Tunica adventitia, GIT

äußerste Schicht der Organe des Gastrointestinaltraktes. Sie besteht aus lockerem Bindegewebe und verankert die nicht von einer Serosa bedeckten Organe in ihrer Umgebung. Neben Fettzellen finden sich versorgende Blutgefäße und Nerven.

Bindegewebe

Bindegewebe ist deutlich anders aufgebaut als Epithel. Im Epithelverband liegen die Zellen dicht an dicht, die Interzellularräume sind eng. Das Bindegewebe enthält weniger Zellen und große Interzellularräume. Die ortsständigen Zellen im Bindegewebe sind Fibroblasten/Fibrozyten. Außerdem kommen "freie" Zellen vor, die in das Bindegewebe einwandern oder es verlassen können und der Abwehr dienen.

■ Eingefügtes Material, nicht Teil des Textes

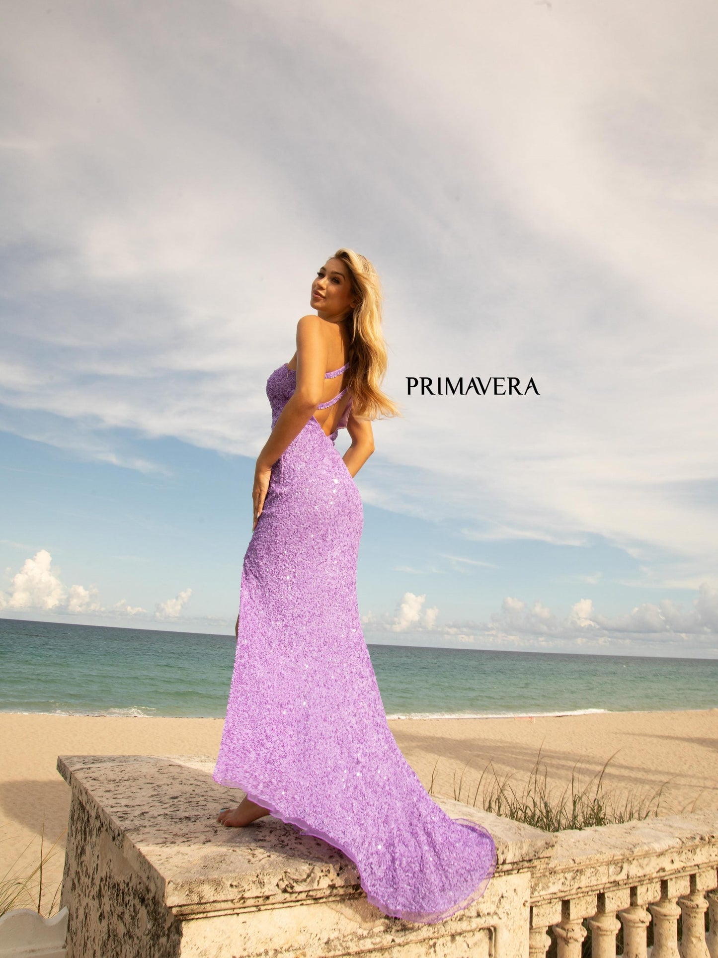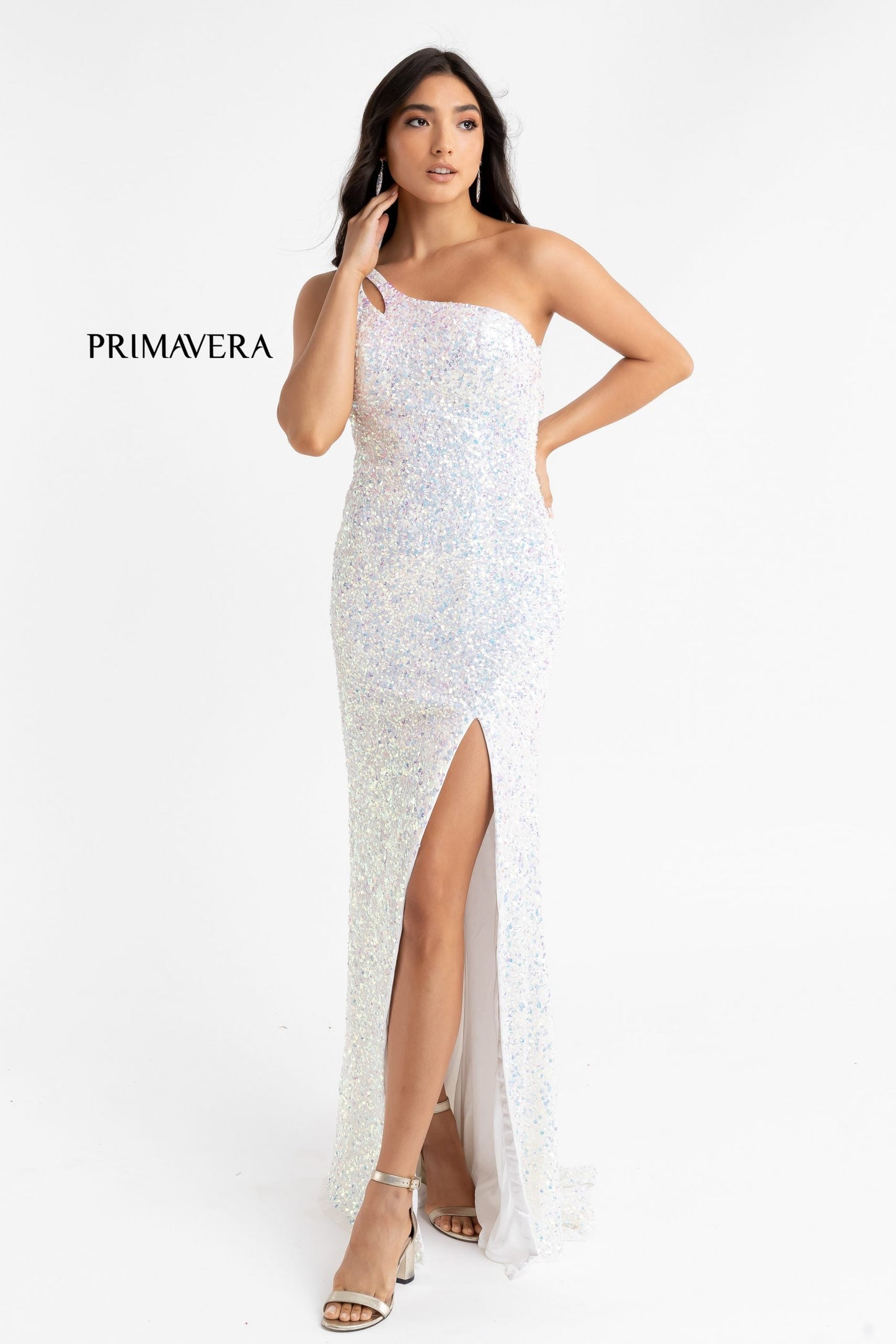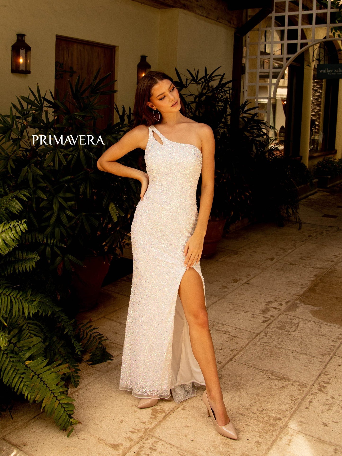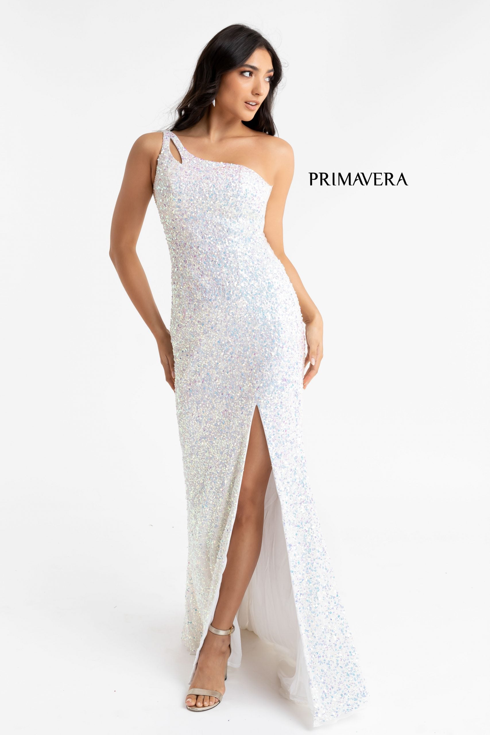 Primavera Couture 3761 This is a one shoulder sequined prom dress with a keyhole cutout at the double straps that wrap over the shoulder and stream across the open back. The long skirt has a slit and a sweeping train.

Die großen Interzellularräume des Bindegewebes enthalten Wasser und die extrazelluläre Matrix (amorphe Grundsubstanz und retikuläre, kollagene oder elastsiche Fasern), die von den ortsständigen Zellen gebildet wird. Bindegewebe ist im Körper weit verbreitet.

Univakuoläre Fettzellen

Adipozyten; bilden das weiße Fettgewebe. Jede Fettzelle enthält einen einzigen großen membranlosen Fetttropfen. Wird das Gewebe für histologische Routineuntersuchungen in Paraffin eingebettet, löst sich das Fett aus diesem Tropfen und es entsteht eine einzige, große Fettvakuole. Zellkern und Zytoplasma werden durch den Fetttropfen an den Zellrand gedrängt, es entsteht das Bild der Siegelringform der Fettzelle.

Die Tunica adventitia verankert die Speiseröhre in ihrer Umgebung. Sie besteht aus lockerem Bindegewebe, in ihr sind univakuoläre Fettzellen eingelagert.